··· DATA PROVIDED ···

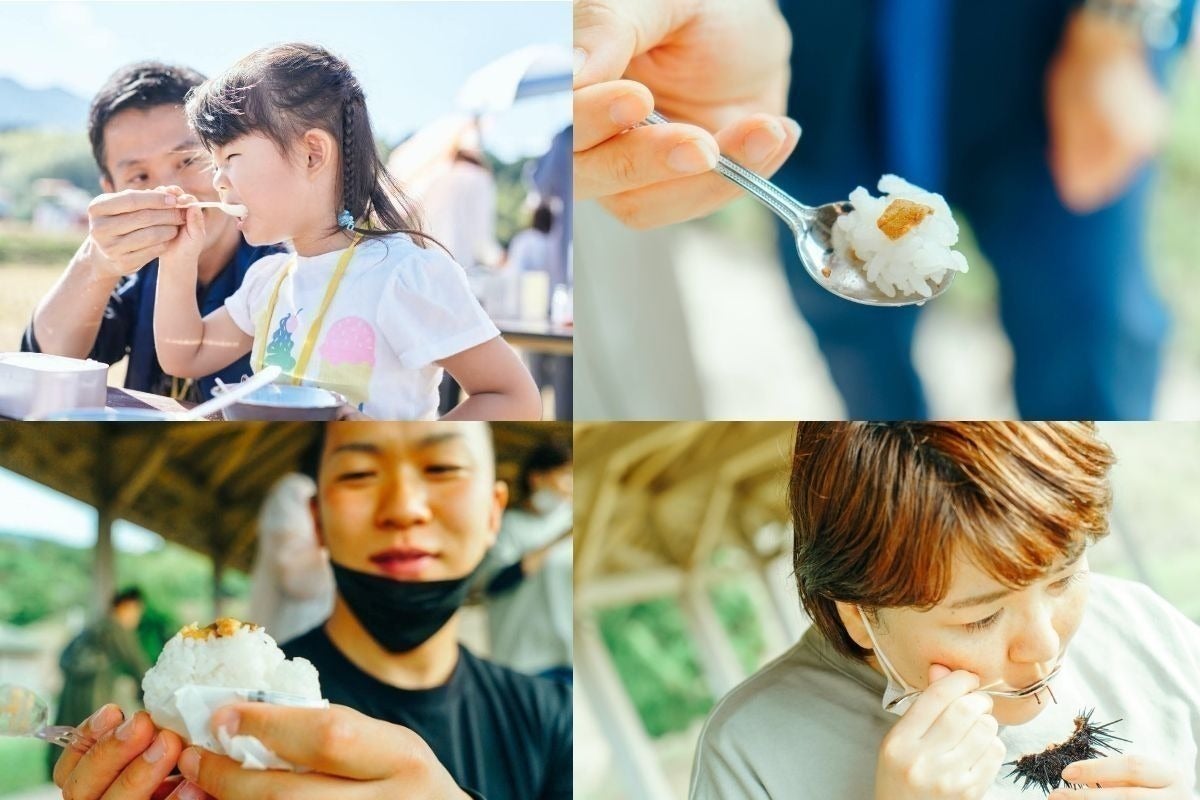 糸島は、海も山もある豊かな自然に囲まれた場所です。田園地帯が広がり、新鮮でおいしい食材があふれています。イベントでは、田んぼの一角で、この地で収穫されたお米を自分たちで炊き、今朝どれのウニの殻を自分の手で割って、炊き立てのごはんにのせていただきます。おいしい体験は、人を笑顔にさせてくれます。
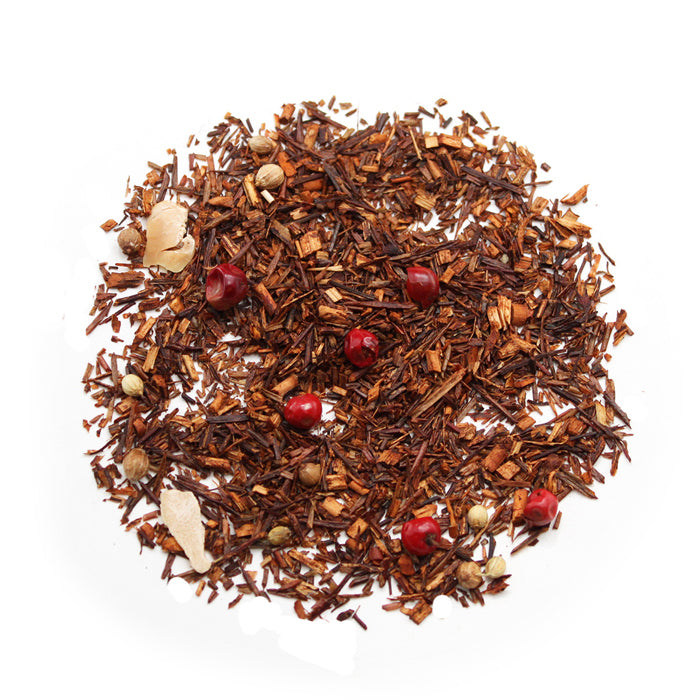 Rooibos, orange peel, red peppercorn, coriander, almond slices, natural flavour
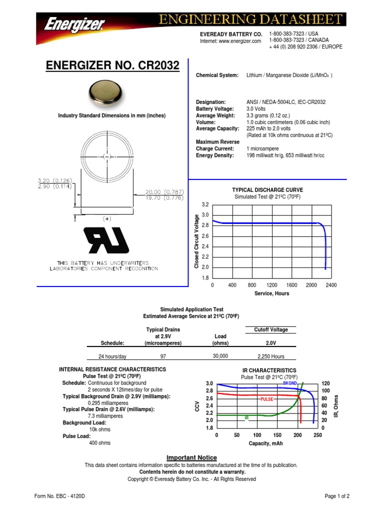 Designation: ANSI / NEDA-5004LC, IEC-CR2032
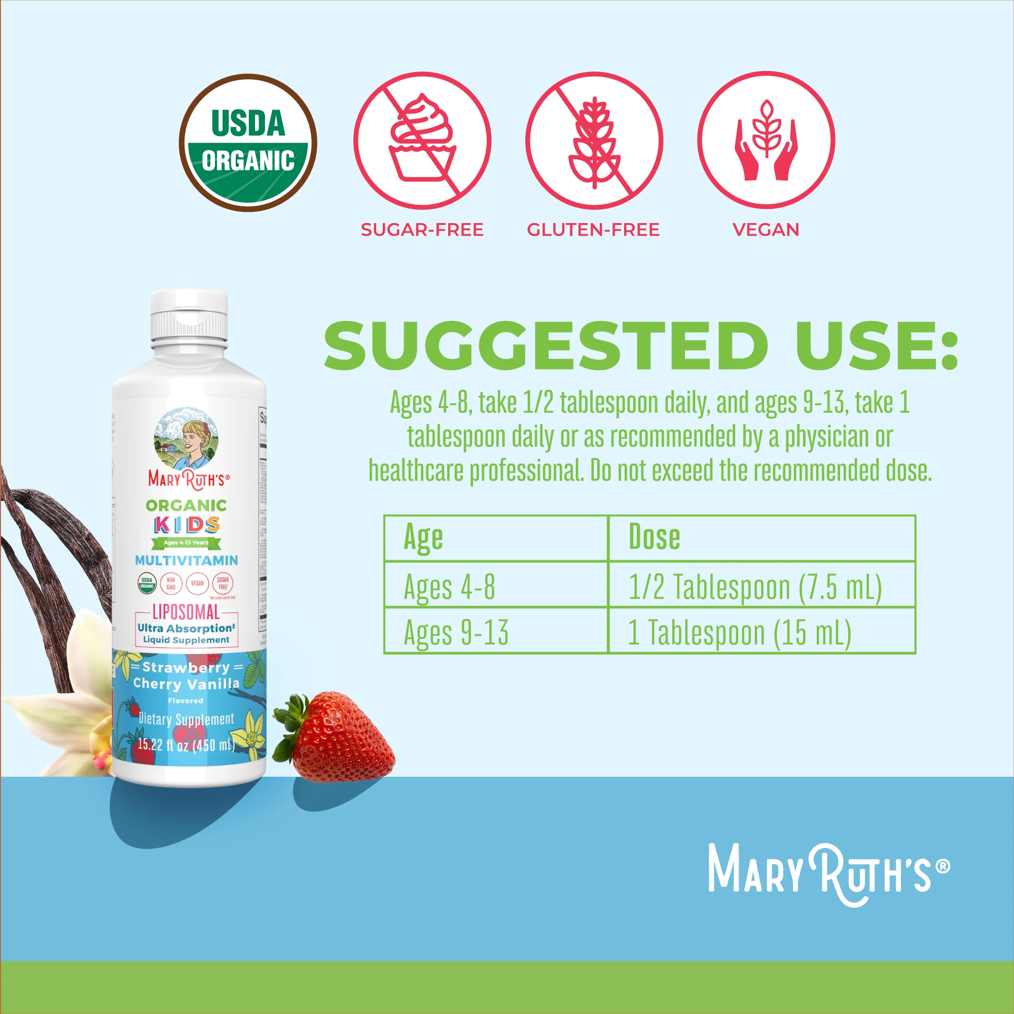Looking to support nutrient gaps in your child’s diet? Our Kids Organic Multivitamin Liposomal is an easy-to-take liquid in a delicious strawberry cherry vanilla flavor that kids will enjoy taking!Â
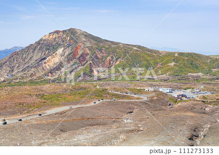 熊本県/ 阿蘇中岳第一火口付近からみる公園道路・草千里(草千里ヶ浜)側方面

···

INSTRUCTIONS TO FOLLOW: Set down the entries above word for word, but drop any image.

FINAL ANSWER:
 糸島は、海も山もある豊かな自然に囲まれた場所です。田園地帯が広がり、新鮮でおいしい食材があふれています。イベントでは、田んぼの一角で、この地で収穫されたお米を自分たちで炊き、今朝どれのウニの殻を自分の手で割って、炊き立てのごはんにのせていただきます。おいしい体験は、人を笑顔にさせてくれます。
 Rooibos, orange peel, red peppercorn, coriander, almond slices, natural flavour
 Designation: ANSI / NEDA-5004LC, IEC-CR2032
Looking to support nutrient gaps in your child’s diet? Our Kids Organic Multivitamin Liposomal is an easy-to-take liquid in a delicious strawberry cherry vanilla flavor that kids will enjoy taking!Â
 熊本県/ 阿蘇中岳第一火口付近からみる公園道路・草千里(草千里ヶ浜)側方面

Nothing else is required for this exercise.